Pearl had cleaned up her supper, and was sitting again, staring at Susan.

“How can you not know?” I said. “You have a Ph.D. from Harvard?”

“Well, I did read somewhere that by adulthood, we are so full of accumulated data that our brain has trouble sorting it.”

“Oh,” I said.

Susan reached into a polished chrome canister on her kitchen counter and came out with an odd-looking item, which she handed to Pearl. Pearl ate it.

“What was that?” I said.

“Duck and sweet potato,” she said.

“Part of our supper?” I said.

“No,” Susan said. “Our supper is being prepared as we speak by the lovely folks at Upper Crust Pizza. It will arrive at seven.”

“Large?”

“Yes.”

“Not broccoli or brussels sprouts on it.”

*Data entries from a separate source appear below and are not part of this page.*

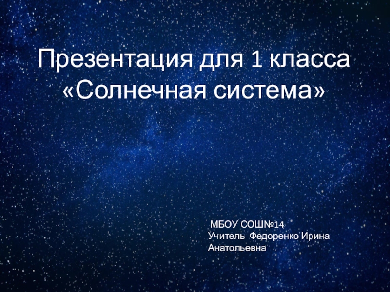 Презентация для 1 класса «Солнечная система»   МБОУ СОШ№14Учитель Федоренко Ирина Анатольевна
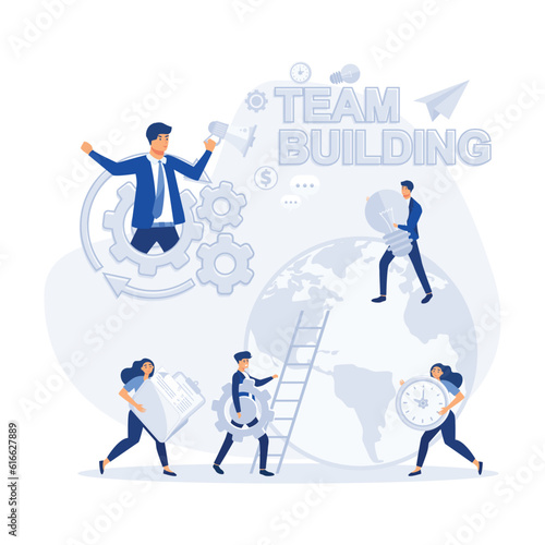 Team building concept. Group of people gather and work together to get good business results, flat vector modern illustration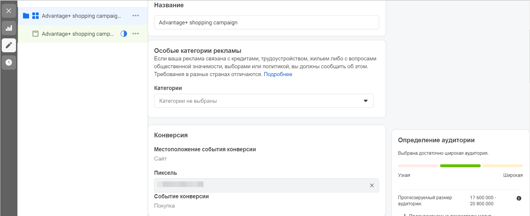 Деякі інструменти будуть вам давно знайомі, просто тепер під іншою назвою, але і з новими ми теж познайомимося. Якщо ви вже активно ведете кілька проєктів, то, напевно, помітили, що не у всіх рекламних кабінетах у повному обсязі доступні функції Advantage+. Так, вони перебувають у стадії бета-тестування й поступово впроваджуються в кабінети. Але на всіх рівнях рекламної кампанії можна зустріти нові інструменти. Розглянемо докладніше створення кампанії конверсії.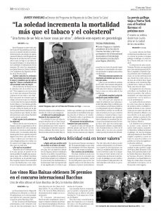 De hecho, este experto aseguró que la soledad incrementa la mortalidad más que el tabaco y el colesterol. Así lo puso de manifiesto en el Faro de Vigo, en una entrevista de Mar Mato que se puede leer, en su versión original impresa, aquí, en este enlace directo.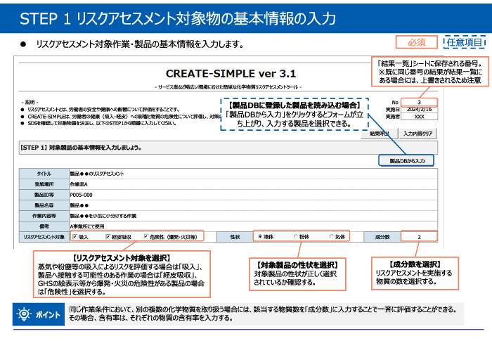 「トップ」の説明タブから「リスクアセスメントシート」のタブを選んで、以下の【STEP.1】基本情報を製品ごとに入力します。※リスクアセスメント時:SDSの通知対象物質、濃度基準値設定物質:前回ご紹介の9種類を参照。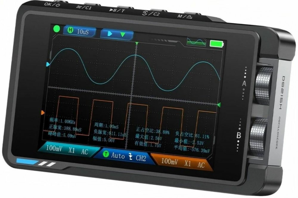 FNIRSI DS215H je kompaktní a výkonný přístroj, který kombinuje funkce dvou zařízení – digitálního osciloskopu a generátoru signálu – do jednoho přenosného zařízení. S analogovou šířkou pásma 50 MHz a vzorkovací frekvencí 250 MS/s je ideální pro širokou škálu aplikací, od vývoje a údržby elektronických zařízení až po výuku a laboratorní měření.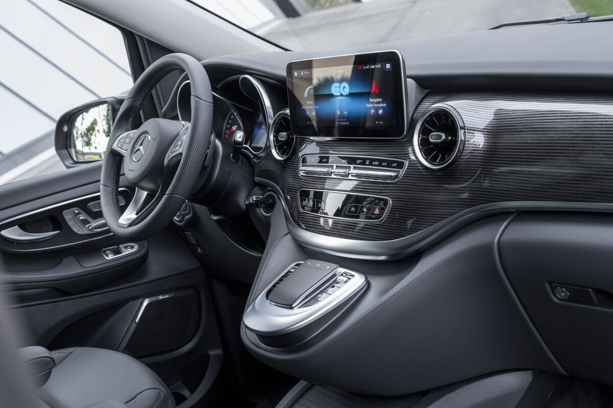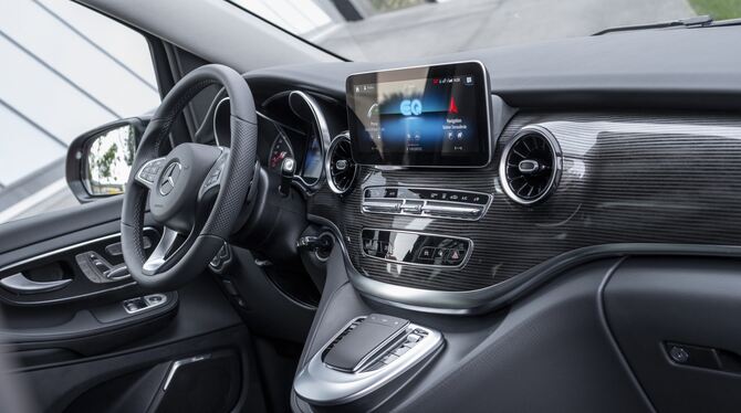 In Leder, Aluminium und Streifenoptik: der Mercedes-Benz EQV Avantgarde Line.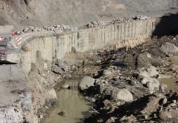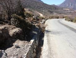 TJ4標K223+320-K223+440段,由于河面較寬,設計擋墻與既有擋墻緊貼,施工中容易造成既有干砌片石擋墻的垮塌,不利于施工作業人員的安全,保通任務也很繁重。為此,香格里拉代表處要求將擋墻外移1米,擋墻頂面降低60公分,日后再將其以弧面形式回填種植土,種植花草、矮灌的設計。讓過往的游客看不到高大聳立的擋墻,減少了臨邊臨河的危險。將五顏六色的花帶引入公路旁,讓“游客行徑在鮮花叢中”是我們的夢想。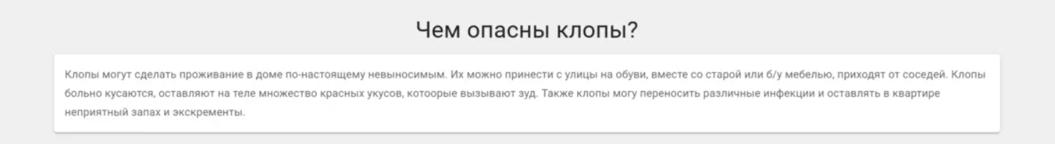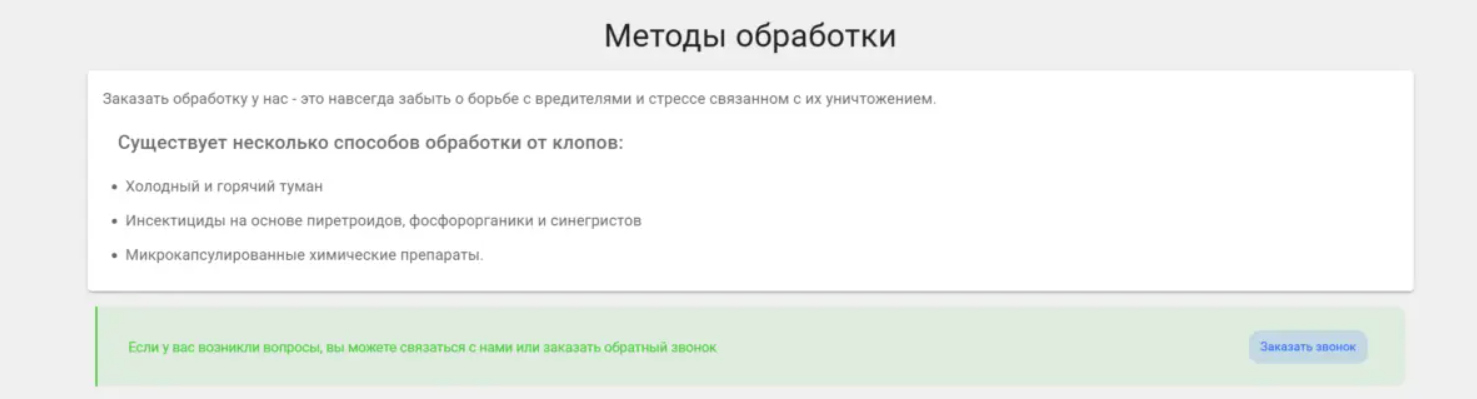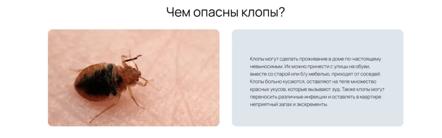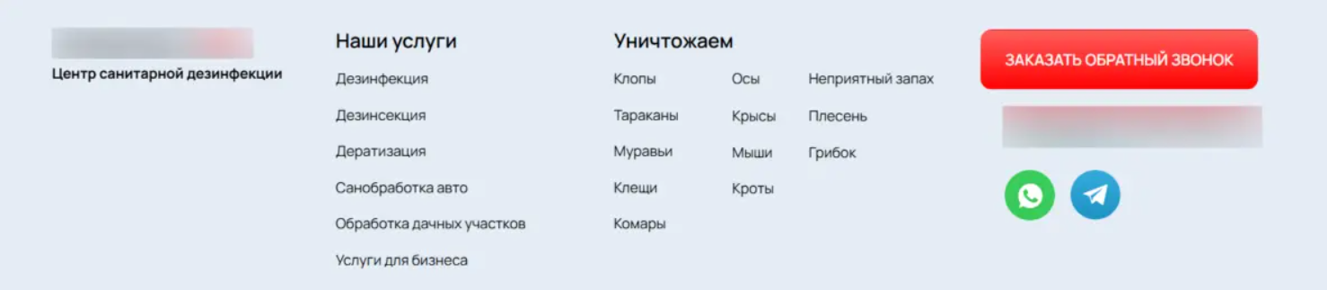 Важно понимать: у клиента начинается сезонный всплеск спроса с апреля (в связи с активностью насекомых), поэтому осень — оптимальное время, чтобы заранее подготовить сайт и рекламные кампании, выйти в топ по нужным запросам («дезинфекция», «санэпидемстанция», «уничтожение клопов», «обработка от тараканов» и др.).

“No, I’ve put health aside this one time,” Susan said. “What do you think of my theory about why they haven’t shot you?”

“They may know a lot. They may not,” I said. “But what they do know is that the murder of someone connected to the Jumbo Nelson case would fully engage the local cops.”

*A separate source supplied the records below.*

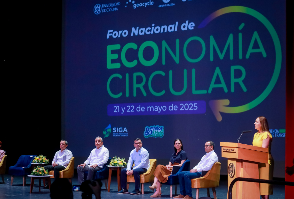 Con el objetivo de reflexionar, compartir experiencias y generar propuestas para el mejoramiento y reutilización de recursos naturales en beneficio del medio ambiente, se está realizando en la Universidad de Colima el primer Foro Nacional de Economía Circular los días 21 y 22 de mayo. El evento, organizado por el Voluntariado de la Universidad de Colima y el Centro Universitario de Gestión Ambiental a través del Sistema Universitario de Gestión Ambiental (SIGA), reúne a especialistas académicos, estudiantes, autoridades federales, estatales y municipales, empresarios y miembros de la sociedad civil.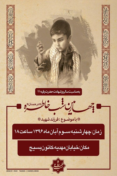 به گزارش سرویس استان های حلقه وصل، همزمان با سالروز شهادت حضرت رقیه(س) چهارمین شب خاطره در همدان برگزار می شود.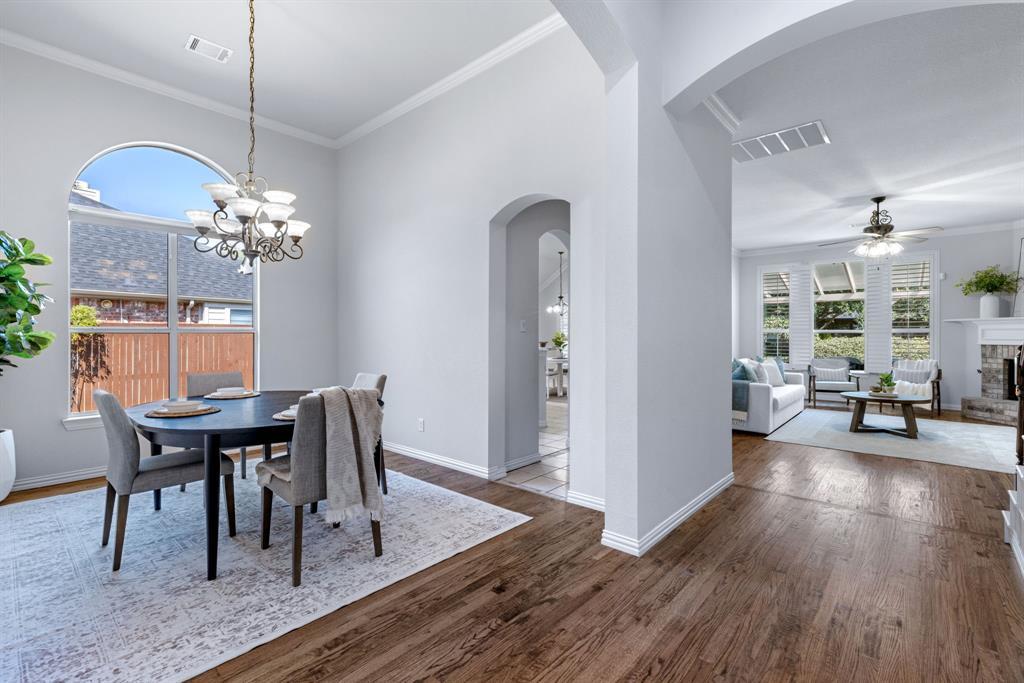 Beautiful West Frisco Home – full of charm & unique features! Unlike any other, this one-owner home has been meticulously cared for and is located in one of West Frisco’s premier neighborhoods. Thoughtfully designed, it offers timeless style, versatile living spaces, and countless upgrades. The spacious layout includes a large primary suite plus two additional bedrooms and two full baths on the main level. A formal dining room, private home office with French doors, butler’s pantry, and a chef’s kitchen that opens to the living room with a cozy gas fireplace and built-ins make this home perfect for both everyday living and entertaining. The kitchen features updated granite countertops, a convection microwave, cooktop, pantry, breakfast bar, and a sunny breakfast nook with access to the outdoor living area. Upstairs, a unique bonus room with a large walk-in closet offers endless possibilities—bedroom, game room, media room, home gym, or playroom. The closet is fully plumbed for a future bathroom, and the reinforced flooring was designed to hold the weight of a pool table. Enjoy the private backyard retreat with a covered extended patio featuring stamped concrete, a water mister for cooling on hot summer nights, and a gas line for grilling—all overlooking a serene walking trail and mature trees. The front and back yards are fully landscaped for easy upkeep. Additional highlights include: remodeled primary bathroom, gorgeous hardwood floors, plantation shutters & crown molding, and electric door locks. Oversized 2-car garage equipped with storage cabinets, utility sink, additional overhead lighting, and an additional 5 ft of depth—perfect for a full-sized truck, and a fully floored attic for abundant storage. Bright, open, and full of character, this home is truly a rare find in Frisco! Zoned for top rated schools with the elementary and middle schools just around the corner. Walking distance to The Trials golf clubhouse, community pool, tennis courts and parks!

“So they’ll kill you only if it is less dangerous than letting you live,” Susan said.

“Probably,” I said. “But their success is not a foregone conclusion, you know.”

“I know,” Susan said. “In fact, I can only bear the possibility if I am certain they’ll fail.”

“Everybody has so far,” I said. “Besides, if I can believe Alice DeLauria, my immediate danger is only a savage beating.”

“That’s consoling,” Susan said.

“I was hoping it would be,” I said.

“And you’re not afraid,” Susan said.

“I am afraid,” I said. “It’s overhead, sort of. The price of doing business.”

“And you’re able to push past it.”

“Yes,” I said. “Otherwise I couldn’t do what I do.”

“And you do what you do because?”

I shrugged.

“I’m better at it than I am at anything else?”

Susan nodded.

“And you read Le Morte d’Arthur too early in life,” she said.

“Yeah, that too, I guess.”

“And, I suspect, if you didn’t do what you do, you’d be someone else,” Susan said.

“Maybe,” I said.

“And you won’t let fear make you into someone else.”

“What if I said to you, ‘I love what I do but I’m too scared to do it’?”